Overall, the best and lowest-cost approach to minimize false alarms is limiting the effect of the unbalanced category on the other categories in the data. This includes collecting more data, which is the best option but is very time-consuming and very difficult since if more data could be collected easily, this problem would cease to exist, discarding the overwhelming categories—mostly the “normal” traffic behavior—which would cause a loss of information and bias in prediction; and finding a way to separate the greater number of categories from the lesser number of categories, thus reducing the effect. The last approach is not easy to achieve but is more time-saving, cost-saving, and information-preserving than the other solutions. This is the solution that will be focused on in this topic and will be integrated into the hybrid system we design to form a strategy, which we call HRC.
1.2. The Methodology’s Novelty and Contributions
Technically, there are two contributions from this strategy to the IDS:
The first contribution is that this strategy can be used to predict the future behavior of the wireless network to detect if there is a potential threat about to happen based on observing the IP packages’ information. The idea is that the flow of IP packages can reflect the behavior of the networks as it is inherently time-dependent.
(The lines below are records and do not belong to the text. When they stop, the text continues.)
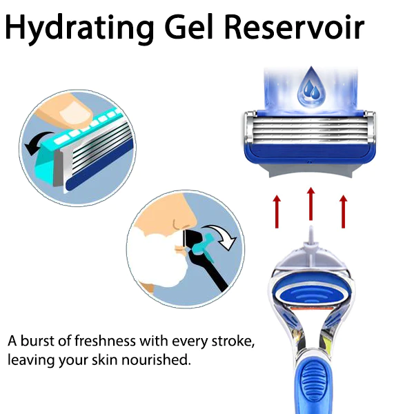 Hydrating Gel Reservoir: Pflegt die Haut während und nach jeder Rasur.
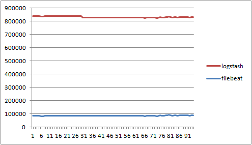 - filebeat / logstash의 RSS메모리 사용량 비교
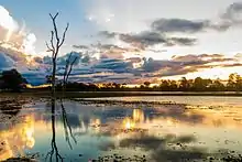 El Pantanal ocupa un área de 150.355 km² y el 1,76% del territorio nacional y está constituido principalmente por sabana esteparia inundada en su mayor parte.[8] El Pantanal está presente en sólo dos estados brasileños, Mato Grosso y Mato Grosso do Sul, ocupando el 7% del territorio de Mato Grosso y el 25% del estado de Mato Grosso do Sul.[9] La región es una llanura aluvial influenciada por ríos que drenan la cuenca del Alto Paraguay, donde se desarrolla una fauna y flora de rara belleza y abundancia.[16] El Pantanal de Mato Grosso es la mayor llanura de inundación continua del planeta, cubierta por una vegetación predominantemente abierta. Este ecosistema está formado por terrenos mayoritariamente arenosos, cubiertos con fisonomías diferentes debido a la variedad de microrrelieves y regímenes de inundación. Como área de transición entre el Cerrado y la Amazonía, el Pantanal cuenta con un mosaico de ecosistemas terrestres con afinidades sobre todo con el Cerrado.

Each packet in the flow has a timestamp indicating when it was transmitted or received. The order of the packets and the time intervals between them thus can provide the patterns that reflect the behavior of the network over a long period. And these patterns are distinctive in the attacks. Despite how complicated an attack is, it usually leaves a trail when occurring and is presented on the flow IP packages. By carefully exploiting these trails with modern algorithms, such as ML and DL, the system can recognize the signs of an attack before it occurs. Among the algorithms, RNN-LSTM and CNN, as mentioned, are the brightest candidates for extracting and learning the time–space relationship between features in the IP package flow, and thus, they are the most suitable for this strategy. This contribution can help the IDS to be more proactive in detecting the potential threat and having enough time to react to the attack, or in the case of false detection, due to predicting multiple steps ahead in a short moment in the future, the IDS can have time to reconsider the decision before making a final decision in the upcoming current moment. This idea is considerably new in IDS study, and the closest to it, at this moment, is in the contribution [
39].
The second contribution of this strategy is its ability to deal with imbalanced data without discarding any samples or changing the base relationship between categories, such as in [
59,
60,
61]. The main task of IDS is to recognize the attack occurring on the wireless system; therefore, classifying the traffic behavior is the main task of IDS. However, imbalanced data significantly affect almost all the classification approaches because the class imbalance directly skews the distribution of the target class (or target category) toward the majority class (or majority category). If imbalances are too high, the model becomes overly familiar with the majority class, leading to poor generalization of the minority classes. In the regression task, the impact might be less severe mostly because the regression model focuses more on the distribution of the target class and is not overly biased toward a specific range or set of classes. Therefore, as long as the distribution of the target class remains balanced, the model can still learn the full range of potential output classes and is less likely to be completely biased toward the majority. Therefore, we let the regression part in the HRC strategy handle this instead of the classification part. As mentioned, the primary task of the regression part is to try to predict the behavior of the traffic in the near future, which is specifically “normal” or “attack”, so technically, the regressor also handles classifying these two categories. Regarding the attack, we combine all the attacks into one big category and, thus, raise the number of samples considerably so that it will reduce the imbalanced effect between them and the “normal” category. This idea, plus the fact that regression models are less affected by the imbalanced categorical problem, will help the IDS deal with the imbalanced data more effectively.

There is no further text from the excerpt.